### Problem to solve
In the entries that follow, the lines from the line containing "o Maïs : estimés" up to and including the line containing "Szafa Halifax V4" must be copied exactly, with pictures omitted.

### Exercise material

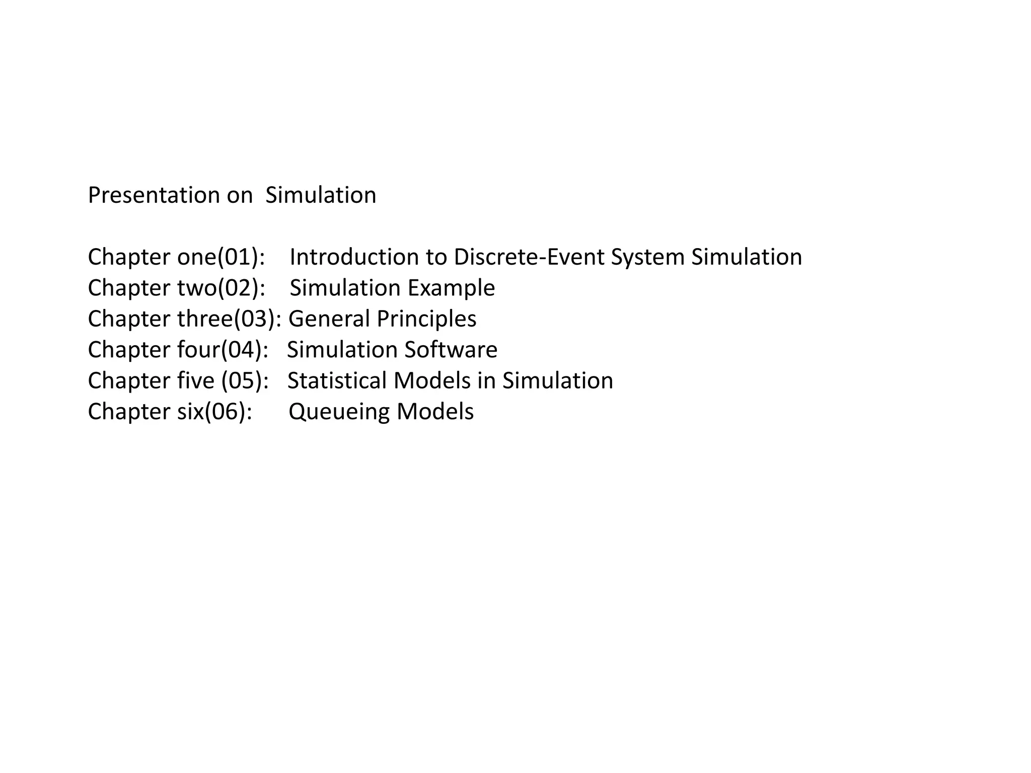 This document summarizes the chapters of a presentation on simulation. It includes:
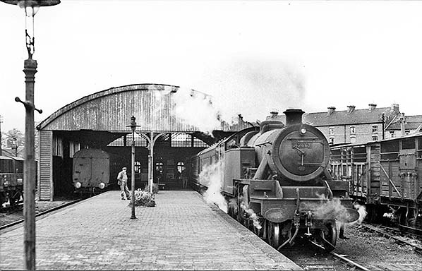 Copyright photo from John Alsop collection ![]() The only date clue for this poor photograph is the BR number on the locomotive, an ex LMS-Stanier 2-6-4T. Apart from the number being of five digits beginning '42', it is unfortunately otherwise totally unreadable. Without a precise date or full locomotive number, the destination of this train, formed of two ex-LMS carriages, must remain a mystery
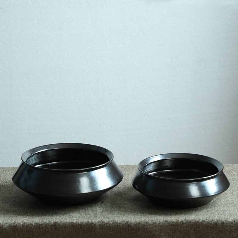 黑色复古陶瓷小花瓶禅意花器摆件干花花插餐桌办公桌软装饰品
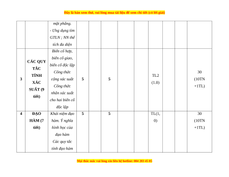 CÁC QUY biến cố độc lập TẮC Công thức 30 TÍNH TL2 3 cộng xác suất 5 5 (10TN XÁC (1.0) Công thức +1TL) SUẨT (9 nhân xác suất tiết) cho hai biến cố độc lập 4 ĐẠO Khái niệm đạo 5 5 TL(1, 30 HÀM (7 hàm. Ý nghĩa 0) (10TN tiết) hình học của +1TL) đạo hàm Các quy tắc tính đạo hàm
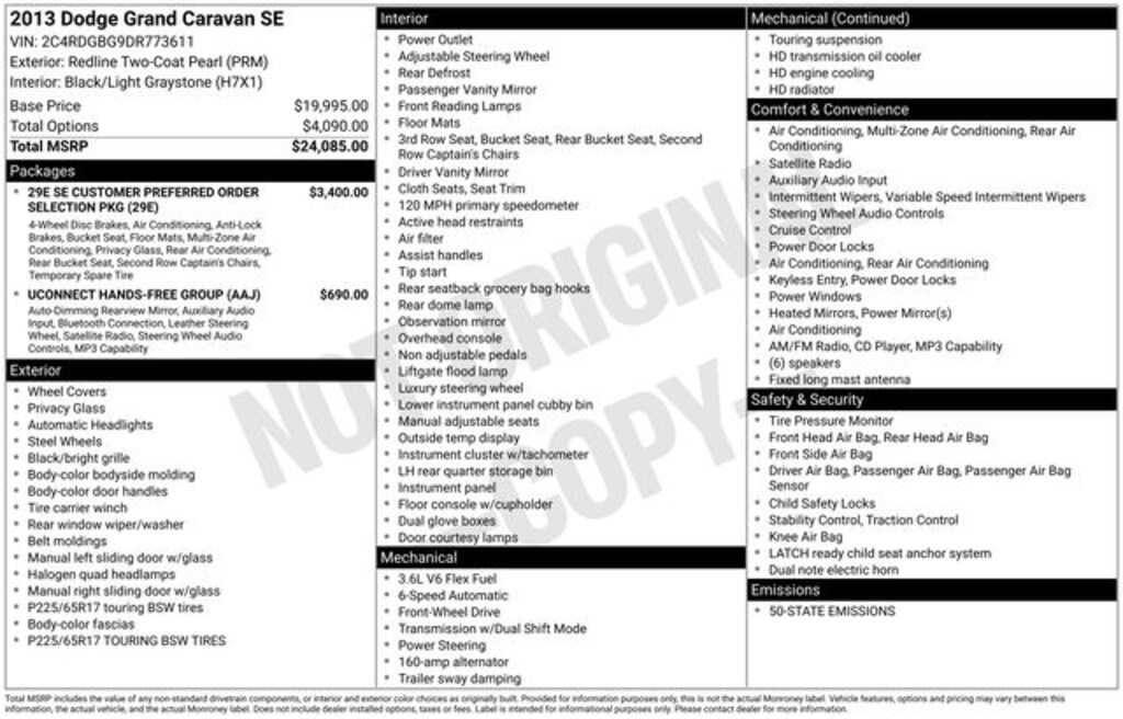 This 2013 Dodge Grand Caravan SE is a true gem, and it's been meticulously maintained right here at our dealership. With its impressive features, reliable performance, and family-friendly design, it's the perfect vehicle to take your family on the road in comfort and style.
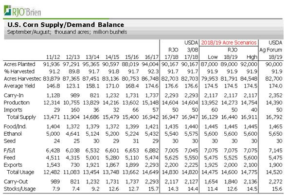 o Maïs : estimés à 89.4 millions d’acres (90.17M en 2017)
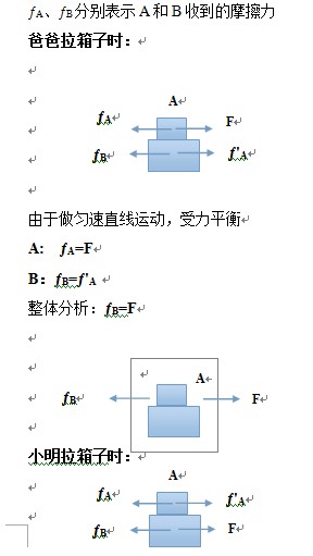 如图所示, A、B两个箱子叠放在一起,爸爸和小明分别用大小为F的恒力用力拉,使两个箱子沿水平做匀速直线运动:爸爸个子高,着力点在A箱子上,小明个子矮,着力点在B箱。下列说法中,正确的是( )。
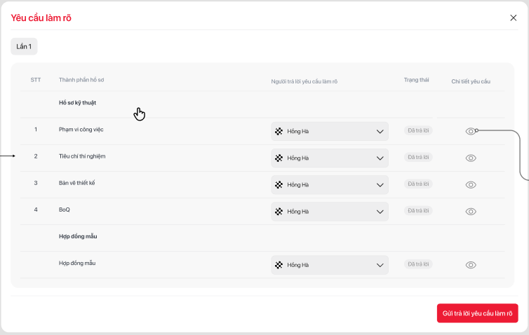 Hiển thị tệp đính kèm chủ đầu tư trả lời yêu cầu làm rõ
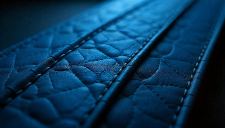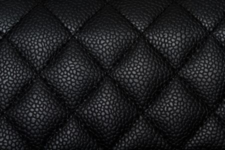 Close up of a detail of the stitches of a car seat in a black handmade leather upholstery. Useful as a background
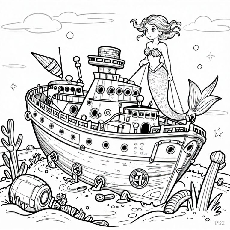 Overhead View A beautiful mermaid with fin exploring a sunken shipwreck for a coloring book with crisp lines aa 17:22,
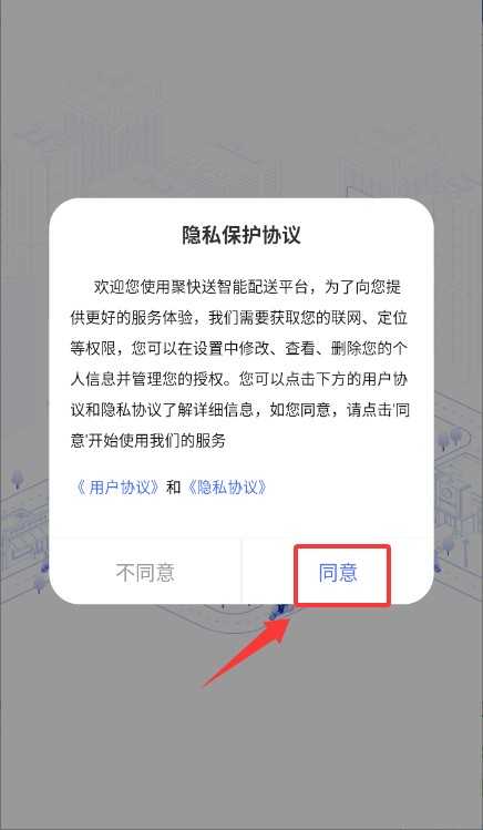 1、在隐私保护协议窗口点击"同意",代表接受用户协议与隐私条款。
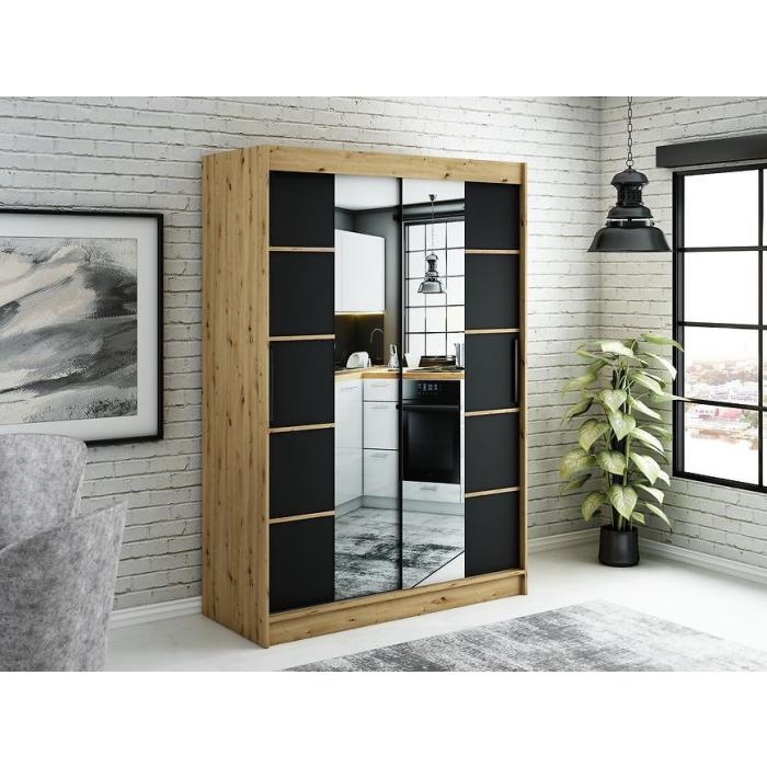 Szafa Halifax V4 150 Dąb Artisan/Czarny/Lustro
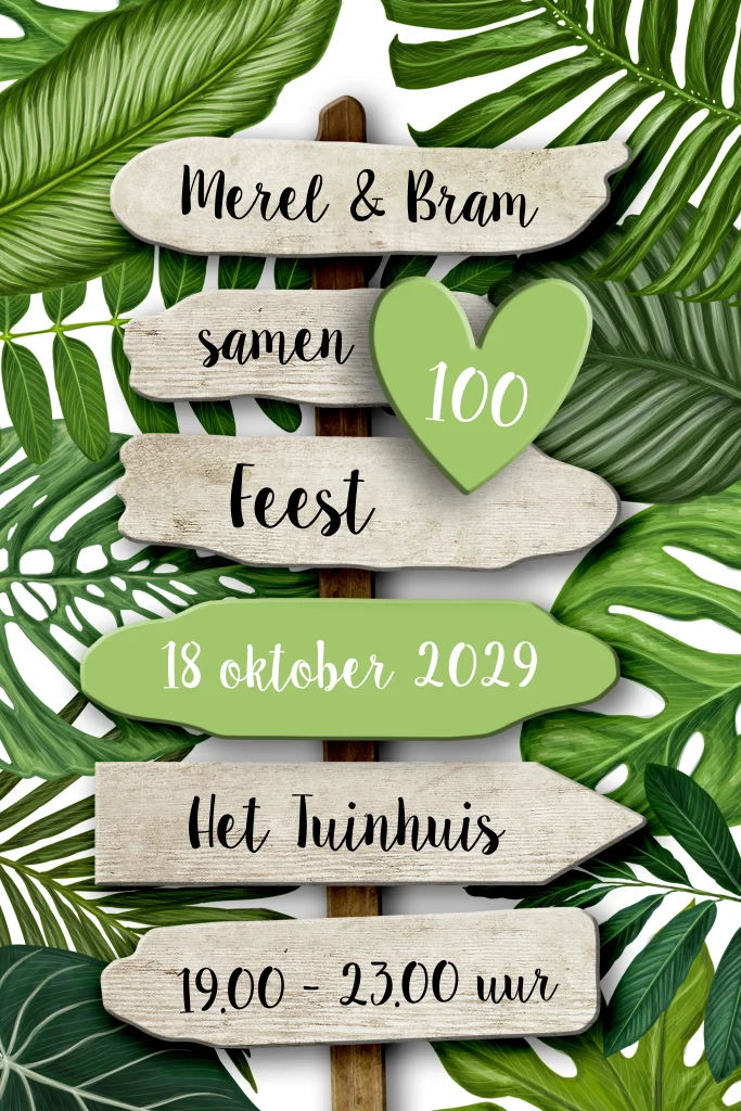 Hippe uitnodiging voor elk feest. Een wegwijzer van houten bordjes en veel botanisch blad. Alle teksten zijn aan te passen en binnen is ruimte voor je eigen foto. (21423)

### Result below
 o Maïs : estimés à 89.4 millions d’acres (90.17M en 2017)
 如图所示, A、B两个箱子叠放在一起,爸爸和小明分别用大小为F的恒力用力拉,使两个箱子沿水平做匀速直线运动:爸爸个子高,着力点在A箱子上,小明个子矮,着力点在B箱。下列说法中,正确的是( )。
 Hiển thị tệp đính kèm chủ đầu tư trả lời yêu cầu làm rõ
 Close up of a detail of the stitches of a car seat in a black handmade leather upholstery. Useful as a background
 Overhead View A beautiful mermaid with fin exploring a sunken shipwreck for a coloring book with crisp lines aa 17:22,
 1、在隐私保护协议窗口点击"同意",代表接受用户协议与隐私条款。
 Szafa Halifax V4 150 Dąb Artisan/Czarny/Lustro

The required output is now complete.